### Work request
Nothing but the lines from the first line of the records through the line with "Fleetguard® LF3653 spin-on" should be output, exactly as written and free of pictures.

+++

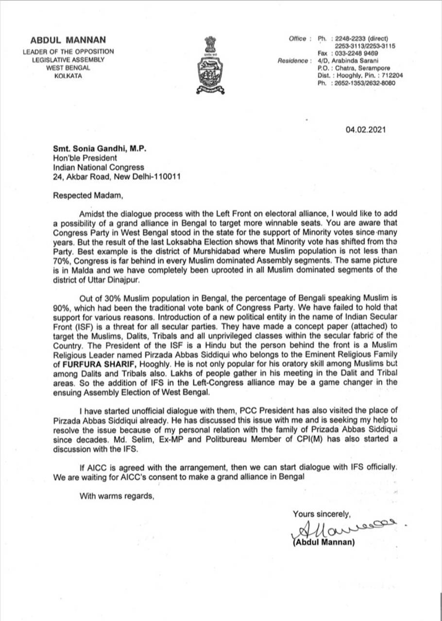 പശ്ചിമ ബംഗാളിൽ മതമൗലികവാദി സംഘടനകളുമായി അവിശുദ്ധ കൂട്ടുകെട്ടാണ് കോൺഗ്രസ്സും ഇടതുപക്ഷവും ഭരണകക്ഷിയായ തൃണമൂലും നടത്തുന്നത്. ബി.ജെ.പി നിരന്തരം ഉന്നയിക്കുന്ന ഈ ആരോപണത്തെ ന്യായീകരിക്കുന്ന കത്താണ് പുറത്തുവിടുന്നതെന്ന് ബി.ജെ.പി ദേശീയ ഐ.ടി ചുമതലയുള്ള അമിത് മാളവ്യ പറഞ്ഞു. ഇന്നലെ മന്നാൻ സോണിയയ്ക്ക് അയച്ച കത്താണ് അമിത് മാളവ്യ സമൂഹമാദ്ധ്യമങ്ങളിലൂടെ പരസ്യമാക്കിയത്.
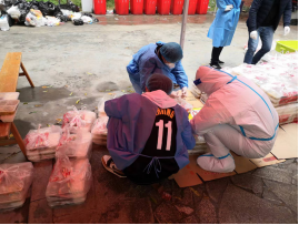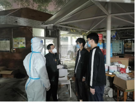 叮铃铃叮铃铃......6:20的闹钟叫醒了沉睡的韩优峰同学,他抓紧洗漱,做好个人工作后迅速到北5楼下,教师志愿者早已在楼下等着他。为保障安全,他在教师的指导下,科学规范穿戴防护服、佩戴N95口罩、防护面罩、医用外科手套。防护做好后,跟随教师志愿者开始紧张繁重的工作:喊楼、做核酸、维持秩序、分餐、打包、送餐、发中药、发放捐赠物资、防疫消杀、清运垃圾……上上下下,不停奔波。经过几个小时的连续奋战,体验活动结束了,薄薄的防护服让他体会到这个初冬最特殊的桑拿感,他在教师指导下脱去防护服感叹道“这次志愿者体验让我深刻的认识到志愿者的工作是很累很辛苦的,不亲身体验是无法明确理解的”,他离开后,我们的教师志愿者团队在短暂休息后带着下一位体验者开始新一轮的战斗。
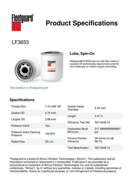 Fleetguard® LF3653 spin-on lube filter meets or exceeds OE performance requirements and the new challenges of modern engine technology.Specification
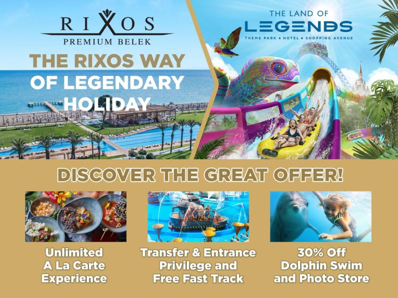 Детски открит и закрит басейн, детска площадка, мини клуб (4-7г.), джуниър клуб (8-11г.), тийн клуб (12-16г.), детска рецепция, детски ресторант, детски чехли и халат, детска козметика за баня, водни пързалки, мини диско, музикални игри. Посещение до парка The Land of Legnds, където има аквапарк и лунапарк, до него се стига с шатъл.
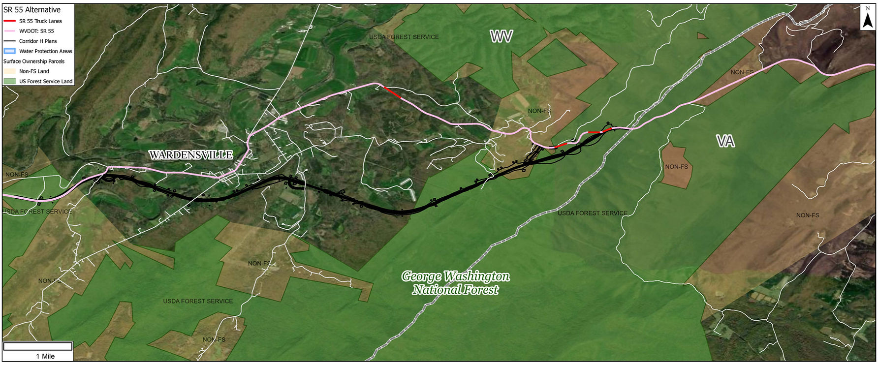 - If constructed, the four-lane highway would end just below the crest of Great North Mountain, where all eastbound traffic would be funneled onto Virginia’s much narrower, two-lane Route 55.
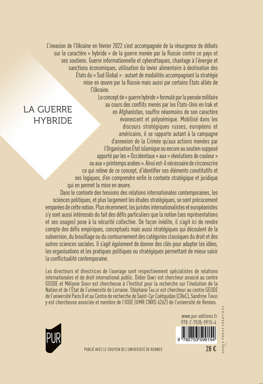 L’invasion de l’Ukraine en février 2022 s’est accompagnée de la résurgence de débats sur le caractère « hybride » de la guerre menée par la Russie contre ce pays et ses soutiens. Guerre informationnelle et cyberattaques, chantage à l’énergie et sanctions économiques, utilisation du levier alimentaire à destination des États du « Sud Global » : autant de modalités accompagnant la stratégie mise en oeuvre par la Russie mais aussi par certains États alliés de l’Ukraine. Le concept de « guerre hybride » formulé par la pensée militaire au cours des conflits menés par les États-Unis en Irak et en Afghanistan, souffre néanmoins de son caractère évanescent et polysémique. Mobilisé dans les discours stratégiques russes, européens et américains, il se rapporte autant à la campagne d’annexion de la Crimée qu’aux actions menées par l’Organisation État islamique ou encore au soutien supposé apporté par les « Occidentaux » aux « révolutions de couleur » ou aux « printemps arabes ». Ainsi est-il nécessaire de circonscrire ce qui relève de ce concept, d’identifier ses éléments constitutifs et ses logiques, d’en comprendre enfin le contexte stratégique et juridique qui en permet la mise en oeuvre. Dans le contexte des tensions des relations internationales contemporaines, les sciences politiques, et plus largement les études stratégiques, se sont précocement emparées de cette notion. Plus récemment, les juristes internationalistes et européanistes s’y sont aussi intéressés du fait des défis particuliers que la notion (ses représentations et ses usages) pose à la sécurité collective. De façon inédite, il s’agit ici de rendre compte des défis empiriques, conceptuels mais aussi stratégiques qui découlent de la subversion, du brouillage ou du contournement des catégories classiques du droit et des autres sciences sociales. Il s’agit également de donner des clés pour adapter les idées, les organisations et les pratiques politiques ou stratégiques permettant de mieux saisir la conflictualité contemporaine.
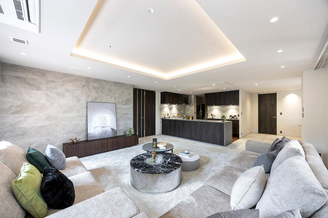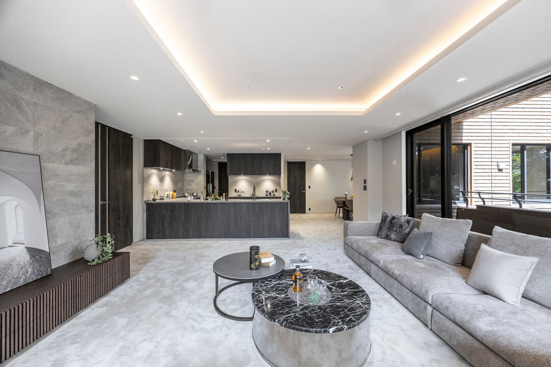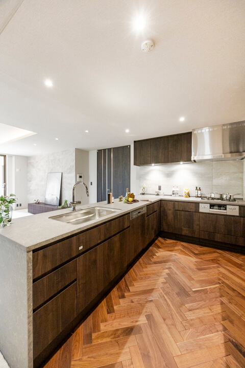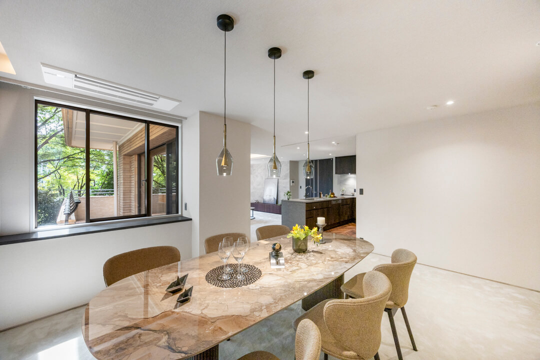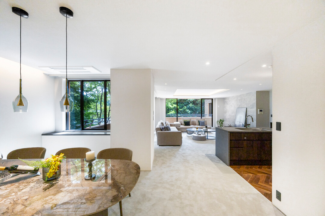 約40.2帖の広々と開放感のあるリビングダイニングキッチンです。リビングスペースとダイニングスペースがさりげなく空間分けされているので、それぞれの時間を堪能できます。二面採光で窓からは緑を感じる癒しの景色を楽しめます。また、玄関側の廊下と居室側の廊下両方にアクセスできる便利な動線にもなっています。
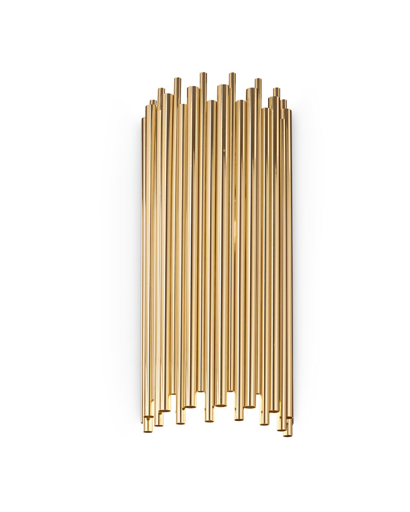 Aplique de pared decorativo fabricado con tubos metálicos en acabado oro.
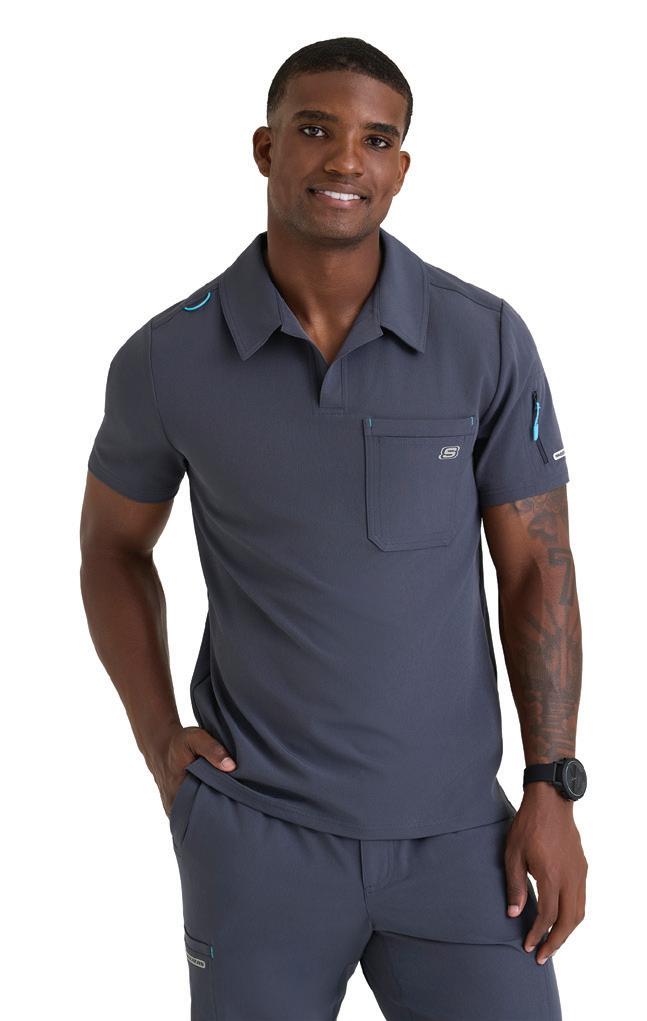 3-pocket V-neck with shirt collar, right shoulder badge loop, on-seam chest pocket, waist patch pockets, cuffed dolman sleeves, adjustable hem relaxed-fit top
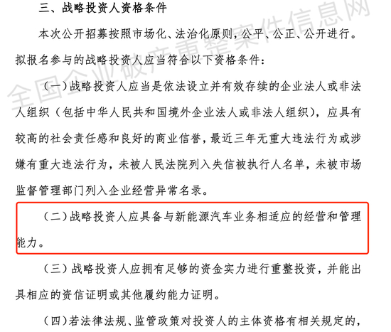 为了推动威马汽车重整,引进投资人。管理人早在2024年1月15日在全国企业破产重整信息网发布了《关于威马科技集团招募战略投资人的公告》和《关于威马科技集团招募共益债投资人的公告》。《每日经济新闻》记者留意到,威马汽车方面特别要求,引入的战略投资人应具备与新能源汽车业务相适应的经营和管理能力。
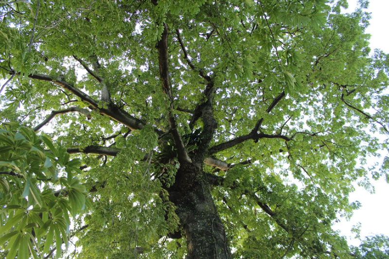 This tall tree is native to tropical America. The broad, straight trunk is the distinctive feature of this old tree.
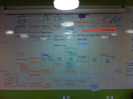 Even though the event was held in November of 2012, its story dates back to 2010. The Club Penguin team in Canada, where the main HQ was located, used to hold a major meeting involving the entire staff team once every 3 months. In those meetings, they would map out events for the following 3 months including parties, puffles, ninja updates, EPF missions, and more! In one of said meetings at the end of 2010/start of 2011, they planned in excessive detail what they wanted to launch in January, February, and March, with some potential ideas for the remainder of the year. Usually, these were kept on a large whiteboard in the meeting room of the HQ and this time it ended up being leaked on Twitter.
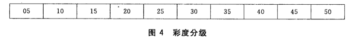 彩度標號從05~50十等分延色相環(huán)由內(nèi)向外依次遞增,彩度分級見圖4。彩度小于05的極低彩度用00表示。
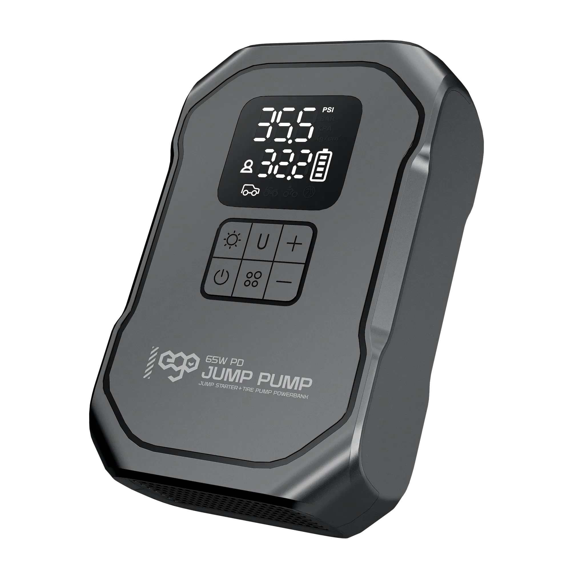 Introducing the EGO JP-8 Power Bank Jump Pump, the ultimate 4-in-1 solution for your automotive and portable power needs. This versatile device combines a jump starter, air pump, power bank, and LED flashlight into one compact and powerful unit. Ideal for drivers, adventurers, and gadget enthusiasts, it ensures you're always prepared for any situation on the road or outdoors.

+++

### Response to the task
 പശ്ചിമ ബംഗാളിൽ മതമൗലികവാദി സംഘടനകളുമായി അവിശുദ്ധ കൂട്ടുകെട്ടാണ് കോൺഗ്രസ്സും ഇടതുപക്ഷവും ഭരണകക്ഷിയായ തൃണമൂലും നടത്തുന്നത്. ബി.ജെ.പി നിരന്തരം ഉന്നയിക്കുന്ന ഈ ആരോപണത്തെ ന്യായീകരിക്കുന്ന കത്താണ് പുറത്തുവിടുന്നതെന്ന് ബി.ജെ.പി ദേശീയ ഐ.ടി ചുമതലയുള്ള അമിത് മാളവ്യ പറഞ്ഞു. ഇന്നലെ മന്നാൻ സോണിയയ്ക്ക് അയച്ച കത്താണ് അമിത് മാളവ്യ സമൂഹമാദ്ധ്യമങ്ങളിലൂടെ പരസ്യമാക്കിയത്.
 叮铃铃叮铃铃......6:20的闹钟叫醒了沉睡的韩优峰同学,他抓紧洗漱,做好个人工作后迅速到北5楼下,教师志愿者早已在楼下等着他。为保障安全,他在教师的指导下,科学规范穿戴防护服、佩戴N95口罩、防护面罩、医用外科手套。防护做好后,跟随教师志愿者开始紧张繁重的工作:喊楼、做核酸、维持秩序、分餐、打包、送餐、发中药、发放捐赠物资、防疫消杀、清运垃圾……上上下下,不停奔波。经过几个小时的连续奋战,体验活动结束了,薄薄的防护服让他体会到这个初冬最特殊的桑拿感,他在教师指导下脱去防护服感叹道“这次志愿者体验让我深刻的认识到志愿者的工作是很累很辛苦的,不亲身体验是无法明确理解的”,他离开后,我们的教师志愿者团队在短暂休息后带着下一位体验者开始新一轮的战斗。
 Fleetguard® LF3653 spin-on lube filter meets or exceeds OE performance requirements and the new challenges of modern engine technology.Specification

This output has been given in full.